> **Given data**

______

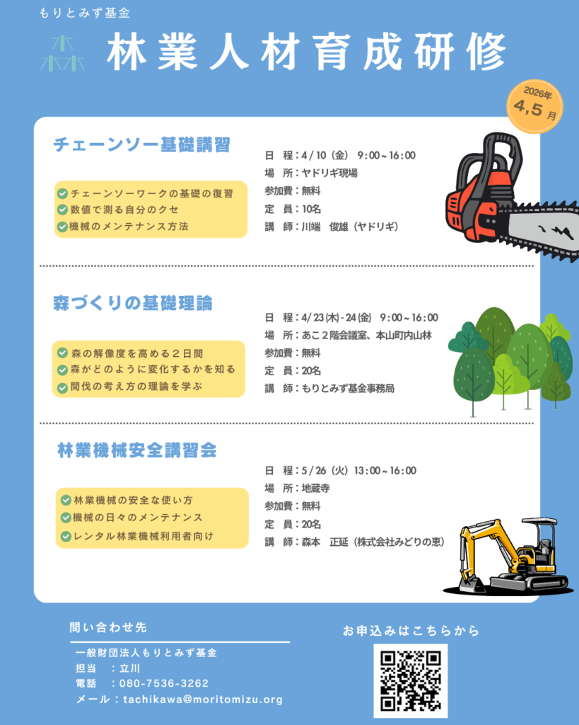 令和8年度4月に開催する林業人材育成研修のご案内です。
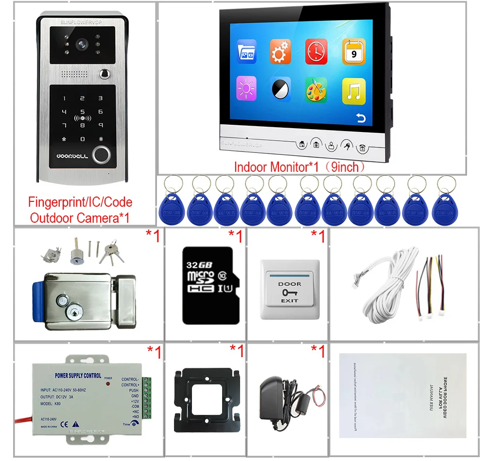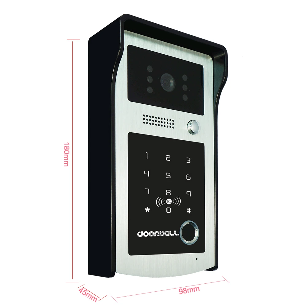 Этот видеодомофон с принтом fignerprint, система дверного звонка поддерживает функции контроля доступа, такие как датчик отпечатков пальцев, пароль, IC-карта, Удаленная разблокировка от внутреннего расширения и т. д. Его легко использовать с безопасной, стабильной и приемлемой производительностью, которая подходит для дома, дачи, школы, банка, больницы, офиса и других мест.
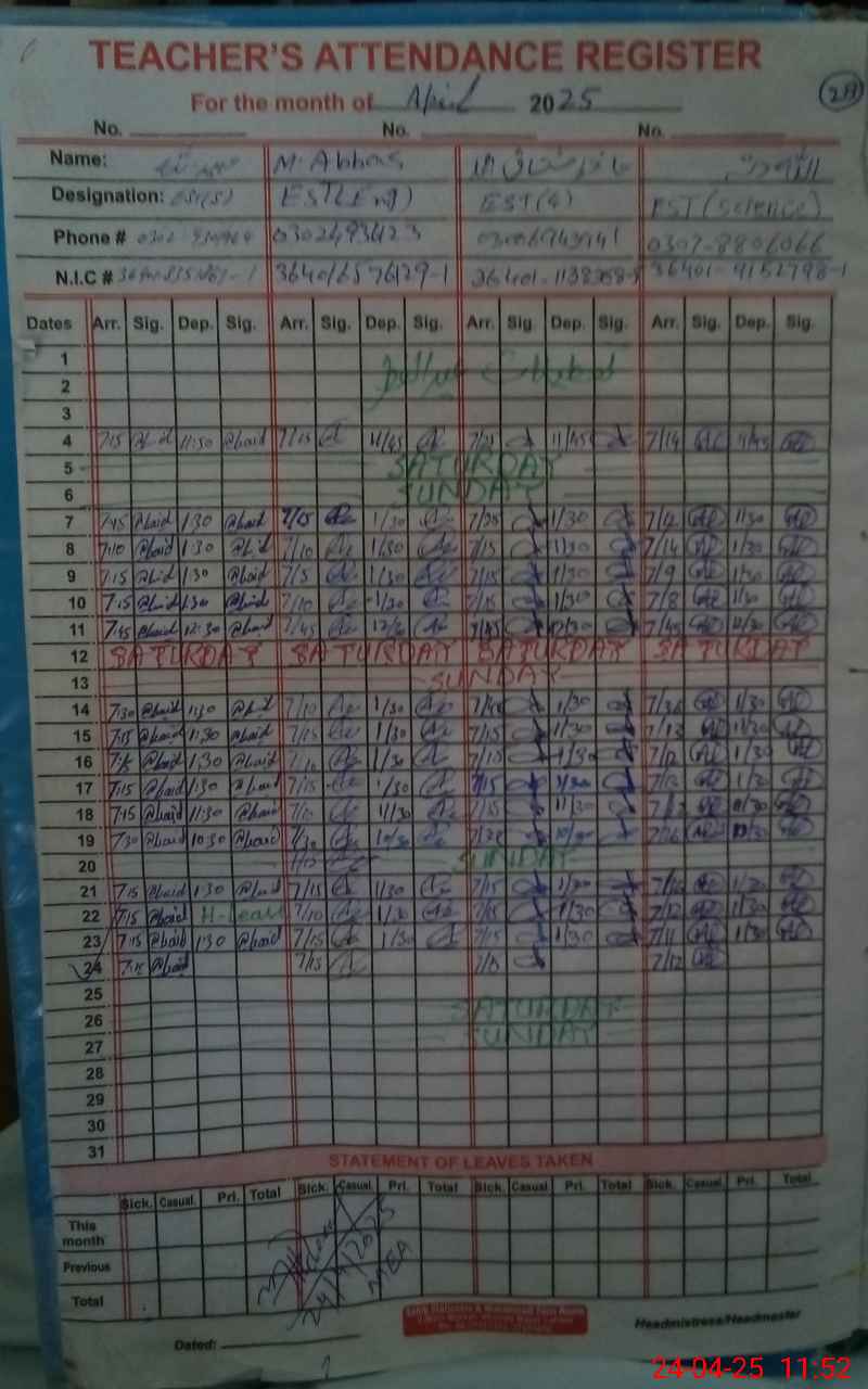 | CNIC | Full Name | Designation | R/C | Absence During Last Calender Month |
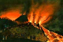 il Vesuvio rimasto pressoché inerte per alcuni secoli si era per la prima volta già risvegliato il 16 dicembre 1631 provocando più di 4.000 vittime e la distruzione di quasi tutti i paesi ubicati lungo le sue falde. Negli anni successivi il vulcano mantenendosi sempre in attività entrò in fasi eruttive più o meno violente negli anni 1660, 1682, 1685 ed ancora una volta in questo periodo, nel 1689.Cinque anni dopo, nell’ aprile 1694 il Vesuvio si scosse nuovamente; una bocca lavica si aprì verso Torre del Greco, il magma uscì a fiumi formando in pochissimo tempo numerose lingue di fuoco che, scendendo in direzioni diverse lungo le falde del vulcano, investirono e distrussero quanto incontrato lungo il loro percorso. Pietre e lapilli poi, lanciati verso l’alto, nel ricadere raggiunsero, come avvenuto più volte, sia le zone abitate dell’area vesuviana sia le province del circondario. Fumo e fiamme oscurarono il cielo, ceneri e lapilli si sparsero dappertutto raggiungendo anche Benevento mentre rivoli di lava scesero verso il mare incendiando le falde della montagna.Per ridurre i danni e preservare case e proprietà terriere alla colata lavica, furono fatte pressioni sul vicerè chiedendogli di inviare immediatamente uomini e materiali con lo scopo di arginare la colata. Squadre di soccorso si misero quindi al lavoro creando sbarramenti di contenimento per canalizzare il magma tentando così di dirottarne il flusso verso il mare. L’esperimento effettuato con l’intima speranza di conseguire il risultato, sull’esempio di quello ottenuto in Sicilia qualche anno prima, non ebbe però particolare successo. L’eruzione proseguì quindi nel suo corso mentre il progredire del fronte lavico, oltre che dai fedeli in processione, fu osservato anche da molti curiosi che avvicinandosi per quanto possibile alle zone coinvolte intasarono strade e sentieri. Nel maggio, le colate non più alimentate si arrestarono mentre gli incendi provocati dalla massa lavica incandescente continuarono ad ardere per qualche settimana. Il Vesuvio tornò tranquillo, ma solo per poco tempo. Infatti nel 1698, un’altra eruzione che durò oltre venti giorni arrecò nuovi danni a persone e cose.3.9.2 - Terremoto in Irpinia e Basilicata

______

For this answer, retype the lines from the start of the listing through the line that holds "Calender Month |", inclusive, exactly and without pictures.

> **Task response**
 令和8年度4月に開催する林業人材育成研修のご案内です。
 Этот видеодомофон с принтом fignerprint, система дверного звонка поддерживает функции контроля доступа, такие как датчик отпечатков пальцев, пароль, IC-карта, Удаленная разблокировка от внутреннего расширения и т. д. Его легко использовать с безопасной, стабильной и приемлемой производительностью, которая подходит для дома, дачи, школы, банка, больницы, офиса и других мест.
 | CNIC | Full Name | Designation | R/C | Absence During Last Calender Month |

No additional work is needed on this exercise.